- **Problem**
How does the data below read from its first line through the line containing "高阳县开泰餐饮店未履行进货查验义务案"? Print those lines exactly.
___ Given records ___
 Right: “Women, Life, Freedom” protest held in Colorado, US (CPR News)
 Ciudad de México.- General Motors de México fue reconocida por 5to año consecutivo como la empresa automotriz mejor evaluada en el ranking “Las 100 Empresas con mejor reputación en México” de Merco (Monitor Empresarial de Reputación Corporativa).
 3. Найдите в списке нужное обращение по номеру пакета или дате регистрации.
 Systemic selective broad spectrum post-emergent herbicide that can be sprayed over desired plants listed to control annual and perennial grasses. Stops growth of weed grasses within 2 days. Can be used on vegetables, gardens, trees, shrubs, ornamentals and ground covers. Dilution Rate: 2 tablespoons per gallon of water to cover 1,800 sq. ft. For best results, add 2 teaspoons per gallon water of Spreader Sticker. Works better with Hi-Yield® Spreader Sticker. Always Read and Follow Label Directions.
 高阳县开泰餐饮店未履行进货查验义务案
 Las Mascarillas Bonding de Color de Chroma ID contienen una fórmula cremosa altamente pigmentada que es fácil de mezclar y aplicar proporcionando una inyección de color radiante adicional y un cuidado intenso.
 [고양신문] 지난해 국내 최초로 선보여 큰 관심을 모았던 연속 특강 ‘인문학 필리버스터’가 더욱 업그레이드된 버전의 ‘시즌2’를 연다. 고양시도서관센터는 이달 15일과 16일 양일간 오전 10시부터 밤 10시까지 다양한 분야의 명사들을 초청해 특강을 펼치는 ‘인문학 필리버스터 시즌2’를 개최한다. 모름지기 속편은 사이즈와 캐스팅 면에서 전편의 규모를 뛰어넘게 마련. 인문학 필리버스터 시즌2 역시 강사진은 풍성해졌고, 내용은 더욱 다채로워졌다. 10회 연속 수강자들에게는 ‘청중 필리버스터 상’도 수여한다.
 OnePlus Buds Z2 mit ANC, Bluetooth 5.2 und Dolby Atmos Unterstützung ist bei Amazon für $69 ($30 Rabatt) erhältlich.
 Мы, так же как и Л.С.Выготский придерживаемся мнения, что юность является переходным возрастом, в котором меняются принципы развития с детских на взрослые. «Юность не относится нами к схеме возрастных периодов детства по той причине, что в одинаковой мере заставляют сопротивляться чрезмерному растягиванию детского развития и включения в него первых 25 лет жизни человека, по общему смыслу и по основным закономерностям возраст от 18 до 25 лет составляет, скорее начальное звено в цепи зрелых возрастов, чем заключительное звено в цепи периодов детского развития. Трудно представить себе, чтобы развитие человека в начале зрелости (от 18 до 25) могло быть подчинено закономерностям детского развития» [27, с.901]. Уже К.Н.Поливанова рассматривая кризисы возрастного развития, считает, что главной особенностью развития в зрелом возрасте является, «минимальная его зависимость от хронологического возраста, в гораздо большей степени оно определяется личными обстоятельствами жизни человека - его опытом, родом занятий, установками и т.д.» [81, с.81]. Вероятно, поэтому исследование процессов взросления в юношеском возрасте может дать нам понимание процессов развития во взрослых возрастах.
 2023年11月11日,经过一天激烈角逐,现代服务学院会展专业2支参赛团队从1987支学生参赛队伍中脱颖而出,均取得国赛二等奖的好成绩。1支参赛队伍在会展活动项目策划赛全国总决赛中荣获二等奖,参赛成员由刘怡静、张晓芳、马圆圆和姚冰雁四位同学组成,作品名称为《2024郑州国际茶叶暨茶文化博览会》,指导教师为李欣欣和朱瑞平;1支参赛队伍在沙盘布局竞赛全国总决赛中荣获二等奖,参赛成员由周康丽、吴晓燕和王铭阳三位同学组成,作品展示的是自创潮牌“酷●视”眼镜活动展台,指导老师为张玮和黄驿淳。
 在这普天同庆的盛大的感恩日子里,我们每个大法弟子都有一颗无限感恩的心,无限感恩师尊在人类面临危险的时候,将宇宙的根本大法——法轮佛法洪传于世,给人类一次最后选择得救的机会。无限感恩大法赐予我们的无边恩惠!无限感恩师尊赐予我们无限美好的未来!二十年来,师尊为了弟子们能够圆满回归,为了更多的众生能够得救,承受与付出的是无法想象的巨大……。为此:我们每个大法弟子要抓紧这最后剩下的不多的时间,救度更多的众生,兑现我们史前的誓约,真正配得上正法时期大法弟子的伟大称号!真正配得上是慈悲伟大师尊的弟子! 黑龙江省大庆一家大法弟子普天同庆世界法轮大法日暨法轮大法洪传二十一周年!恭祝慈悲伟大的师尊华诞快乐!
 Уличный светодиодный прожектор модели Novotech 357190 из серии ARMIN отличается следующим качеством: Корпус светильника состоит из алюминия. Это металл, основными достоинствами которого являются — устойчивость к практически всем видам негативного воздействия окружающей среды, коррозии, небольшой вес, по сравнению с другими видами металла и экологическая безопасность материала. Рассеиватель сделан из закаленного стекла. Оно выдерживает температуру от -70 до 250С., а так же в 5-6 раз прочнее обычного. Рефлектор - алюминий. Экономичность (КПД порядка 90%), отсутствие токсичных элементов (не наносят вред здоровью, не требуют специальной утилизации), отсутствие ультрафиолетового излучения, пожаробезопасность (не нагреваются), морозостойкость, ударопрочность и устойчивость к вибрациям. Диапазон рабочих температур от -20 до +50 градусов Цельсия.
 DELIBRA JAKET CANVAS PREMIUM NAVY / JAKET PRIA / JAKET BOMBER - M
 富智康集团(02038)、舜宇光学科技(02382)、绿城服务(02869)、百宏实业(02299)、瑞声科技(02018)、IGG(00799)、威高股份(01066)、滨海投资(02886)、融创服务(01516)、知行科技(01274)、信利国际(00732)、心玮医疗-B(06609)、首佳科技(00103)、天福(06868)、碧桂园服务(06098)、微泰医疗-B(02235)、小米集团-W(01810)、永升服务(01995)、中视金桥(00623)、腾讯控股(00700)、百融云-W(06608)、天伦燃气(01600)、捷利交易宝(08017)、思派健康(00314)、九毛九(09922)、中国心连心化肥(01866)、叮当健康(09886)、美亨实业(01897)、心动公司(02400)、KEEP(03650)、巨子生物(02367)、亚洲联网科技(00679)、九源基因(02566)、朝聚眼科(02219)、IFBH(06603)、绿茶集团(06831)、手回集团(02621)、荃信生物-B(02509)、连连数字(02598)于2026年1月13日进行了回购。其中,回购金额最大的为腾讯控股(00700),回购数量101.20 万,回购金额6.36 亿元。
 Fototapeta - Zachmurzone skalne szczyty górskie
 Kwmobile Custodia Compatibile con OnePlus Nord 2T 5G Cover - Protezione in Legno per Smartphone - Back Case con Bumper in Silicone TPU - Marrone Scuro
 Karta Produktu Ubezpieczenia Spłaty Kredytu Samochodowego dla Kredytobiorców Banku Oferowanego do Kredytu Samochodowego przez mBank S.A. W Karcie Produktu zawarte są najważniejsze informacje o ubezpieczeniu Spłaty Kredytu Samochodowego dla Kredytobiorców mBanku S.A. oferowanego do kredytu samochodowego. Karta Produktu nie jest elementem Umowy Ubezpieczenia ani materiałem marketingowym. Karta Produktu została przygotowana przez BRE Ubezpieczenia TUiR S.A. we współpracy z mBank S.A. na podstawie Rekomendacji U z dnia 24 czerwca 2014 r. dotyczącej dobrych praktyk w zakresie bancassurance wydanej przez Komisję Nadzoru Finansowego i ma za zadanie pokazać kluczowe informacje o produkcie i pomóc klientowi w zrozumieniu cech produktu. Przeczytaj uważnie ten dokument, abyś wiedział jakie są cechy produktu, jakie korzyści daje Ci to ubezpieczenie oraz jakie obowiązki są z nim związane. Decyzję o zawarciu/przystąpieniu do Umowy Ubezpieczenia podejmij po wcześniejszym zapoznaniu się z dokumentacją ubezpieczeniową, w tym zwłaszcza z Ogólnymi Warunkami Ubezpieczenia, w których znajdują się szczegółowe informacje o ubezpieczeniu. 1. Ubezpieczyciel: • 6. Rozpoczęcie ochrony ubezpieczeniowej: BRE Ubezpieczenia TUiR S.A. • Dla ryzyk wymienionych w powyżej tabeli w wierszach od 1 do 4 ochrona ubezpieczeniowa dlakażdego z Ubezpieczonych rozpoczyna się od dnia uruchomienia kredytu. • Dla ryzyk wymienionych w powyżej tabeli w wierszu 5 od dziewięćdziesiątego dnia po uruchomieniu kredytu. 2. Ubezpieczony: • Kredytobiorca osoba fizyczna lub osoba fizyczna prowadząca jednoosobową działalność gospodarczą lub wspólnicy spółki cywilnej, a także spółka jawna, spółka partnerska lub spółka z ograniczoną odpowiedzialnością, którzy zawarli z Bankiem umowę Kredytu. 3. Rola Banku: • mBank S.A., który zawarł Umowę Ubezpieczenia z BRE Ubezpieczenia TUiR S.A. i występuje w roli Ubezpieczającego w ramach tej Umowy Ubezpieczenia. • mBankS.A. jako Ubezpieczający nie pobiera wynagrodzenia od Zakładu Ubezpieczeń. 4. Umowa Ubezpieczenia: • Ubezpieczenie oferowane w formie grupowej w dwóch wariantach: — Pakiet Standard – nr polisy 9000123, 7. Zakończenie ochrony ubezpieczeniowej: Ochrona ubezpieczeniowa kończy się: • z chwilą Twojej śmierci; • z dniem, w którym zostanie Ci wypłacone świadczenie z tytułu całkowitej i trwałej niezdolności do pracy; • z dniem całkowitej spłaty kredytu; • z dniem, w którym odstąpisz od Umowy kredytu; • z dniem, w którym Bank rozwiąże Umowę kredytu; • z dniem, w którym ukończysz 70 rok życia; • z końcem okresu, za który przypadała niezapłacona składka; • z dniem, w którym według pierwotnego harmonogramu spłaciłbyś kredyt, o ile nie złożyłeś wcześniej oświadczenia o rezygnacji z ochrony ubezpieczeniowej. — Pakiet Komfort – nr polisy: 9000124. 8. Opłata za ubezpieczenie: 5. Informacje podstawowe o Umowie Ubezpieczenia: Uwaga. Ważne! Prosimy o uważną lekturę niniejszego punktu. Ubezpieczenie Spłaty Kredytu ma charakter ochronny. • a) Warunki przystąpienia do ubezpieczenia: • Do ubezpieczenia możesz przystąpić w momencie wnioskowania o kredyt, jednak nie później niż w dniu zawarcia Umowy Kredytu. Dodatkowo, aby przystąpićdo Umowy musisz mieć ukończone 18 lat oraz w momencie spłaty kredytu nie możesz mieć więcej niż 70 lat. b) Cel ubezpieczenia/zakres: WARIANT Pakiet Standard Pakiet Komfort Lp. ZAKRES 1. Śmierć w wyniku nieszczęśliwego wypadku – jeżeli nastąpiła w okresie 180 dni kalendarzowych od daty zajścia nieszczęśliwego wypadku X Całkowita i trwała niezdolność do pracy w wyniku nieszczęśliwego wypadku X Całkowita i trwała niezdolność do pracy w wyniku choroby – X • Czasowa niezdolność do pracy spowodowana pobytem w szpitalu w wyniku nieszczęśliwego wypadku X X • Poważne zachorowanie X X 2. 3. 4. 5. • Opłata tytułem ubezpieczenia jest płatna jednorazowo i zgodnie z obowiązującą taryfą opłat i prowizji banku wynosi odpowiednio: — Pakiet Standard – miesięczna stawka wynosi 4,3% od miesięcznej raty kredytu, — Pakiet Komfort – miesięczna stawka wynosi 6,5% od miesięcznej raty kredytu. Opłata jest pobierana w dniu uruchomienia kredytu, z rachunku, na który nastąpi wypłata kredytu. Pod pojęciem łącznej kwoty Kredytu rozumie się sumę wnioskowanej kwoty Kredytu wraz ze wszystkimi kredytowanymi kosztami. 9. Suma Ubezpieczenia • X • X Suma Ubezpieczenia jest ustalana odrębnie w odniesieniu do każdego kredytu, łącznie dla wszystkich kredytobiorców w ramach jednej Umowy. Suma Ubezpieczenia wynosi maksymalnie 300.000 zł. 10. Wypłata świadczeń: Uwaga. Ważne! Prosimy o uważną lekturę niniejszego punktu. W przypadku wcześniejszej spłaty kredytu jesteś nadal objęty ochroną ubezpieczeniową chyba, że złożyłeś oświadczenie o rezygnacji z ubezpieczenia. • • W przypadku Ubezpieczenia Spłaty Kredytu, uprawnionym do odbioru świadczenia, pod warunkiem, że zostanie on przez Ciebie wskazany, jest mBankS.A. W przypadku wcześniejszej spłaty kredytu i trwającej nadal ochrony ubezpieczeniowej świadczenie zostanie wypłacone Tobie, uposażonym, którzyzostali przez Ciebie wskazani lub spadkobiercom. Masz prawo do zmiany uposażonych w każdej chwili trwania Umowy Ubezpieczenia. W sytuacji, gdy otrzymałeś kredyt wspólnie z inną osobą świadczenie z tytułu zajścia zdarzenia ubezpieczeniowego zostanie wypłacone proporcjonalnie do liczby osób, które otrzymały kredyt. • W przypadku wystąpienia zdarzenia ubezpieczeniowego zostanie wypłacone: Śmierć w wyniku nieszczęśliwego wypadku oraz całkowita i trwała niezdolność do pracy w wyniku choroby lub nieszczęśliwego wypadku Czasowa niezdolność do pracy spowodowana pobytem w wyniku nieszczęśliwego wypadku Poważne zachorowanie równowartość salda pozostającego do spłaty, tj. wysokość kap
___
- **Answer below**
 Right: “Women, Life, Freedom” protest held in Colorado, US (CPR News)
 Ciudad de México.- General Motors de México fue reconocida por 5to año consecutivo como la empresa automotriz mejor evaluada en el ranking “Las 100 Empresas con mejor reputación en México” de Merco (Monitor Empresarial de Reputación Corporativa).
 3. Найдите в списке нужное обращение по номеру пакета или дате регистрации.
 Systemic selective broad spectrum post-emergent herbicide that can be sprayed over desired plants listed to control annual and perennial grasses. Stops growth of weed grasses within 2 days. Can be used on vegetables, gardens, trees, shrubs, ornamentals and ground covers. Dilution Rate: 2 tablespoons per gallon of water to cover 1,800 sq. ft. For best results, add 2 teaspoons per gallon water of Spreader Sticker. Works better with Hi-Yield® Spreader Sticker. Always Read and Follow Label Directions.
 高阳县开泰餐饮店未履行进货查验义务案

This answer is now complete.